For a quick recap of significant nutrients and differences in kale and sweet potatoes:
Kale has 59% less calories than sweet potato - kale has 35 calories per 100 grams and sweet potato has 86 calories.
For macronutrient ratios, kale is much heavier in protein, much lighter in carbs and much heavier in fat compared to sweet potatoes per calorie. Kale has a macronutrient ratio of 28:41:31 and for sweet potatoes, 7:92:1 for protein, carbohydrates and fat from calories.

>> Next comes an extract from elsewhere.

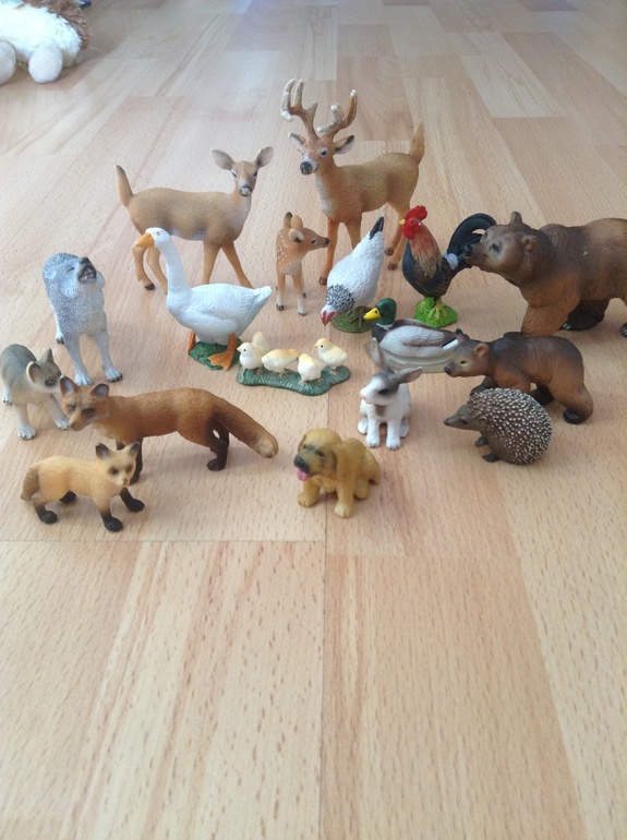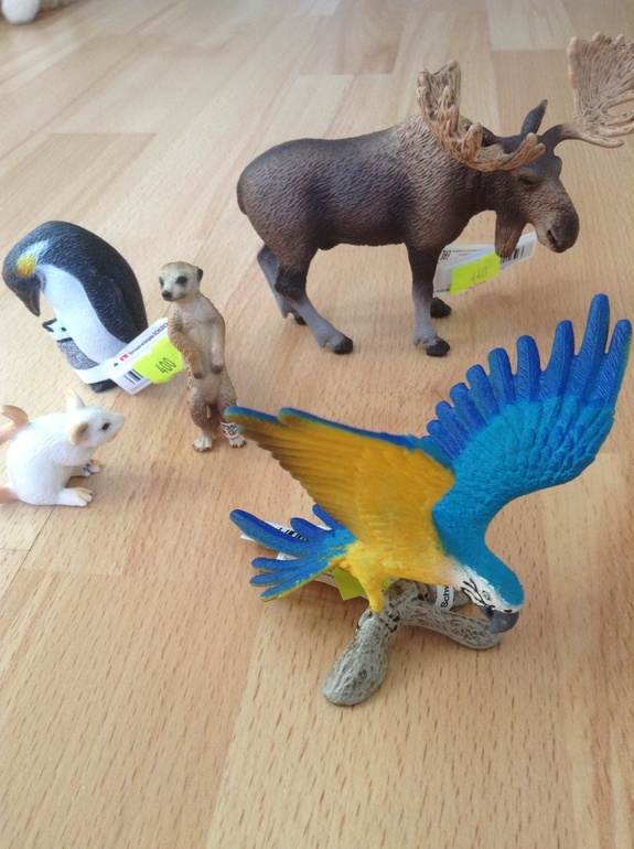 Спасибо! Да, ежик даже больше понравился, чем у шляйх(потому что у них он с листочками). Нам привезли жирафа, слоненка(слон уже был), тигра с тигренком, льва со львенком, леопарда, крокодила, белого мишку с медвежонком, бурого мишку с медвежонком, овчарку, кошку, кенгуру, черепашку, вроде все) и еще у нас были лиса, волк, свинья, коза, курица, корова, жеребенок другой фирмы, mojo. Я их для плаката собираю) но теперь уже в плане фигурок тоже шопоголизм начался:)))

Macro Ratios from Calories:
Kale | Sweet Potatoes | |
---|---|---|
Protein | 28% | 7% |
Carbohydrates | 41% | 92% |
Fat | 31% | 1% |
Alcohol | ~ | ~ |
Kale has 3.5 times less carbohydrates than sweet potato - kale has 4.4g of total carbs per 100 grams and sweet potato has 20.1g of carbohydrates.
The carbs in kale are made of 81% dietary fiber and 19% sugar, whereas the carbs in sweet potatoes comprise of 64% starch, 21% sugar and 15% dietary fiber.
Both kale and sweet potatoes are high in dietary fiber. Kale has 37% more dietary fiber than sweet potato - kale has 4.1g of dietary fiber per 100 grams and sweet potato has 3g of dietary fiber.
Kale and sweet potatoes contain similar amounts of sugar - kale has 0.99g of sugar per 100 grams and sweet potato has 4.2g of sugar.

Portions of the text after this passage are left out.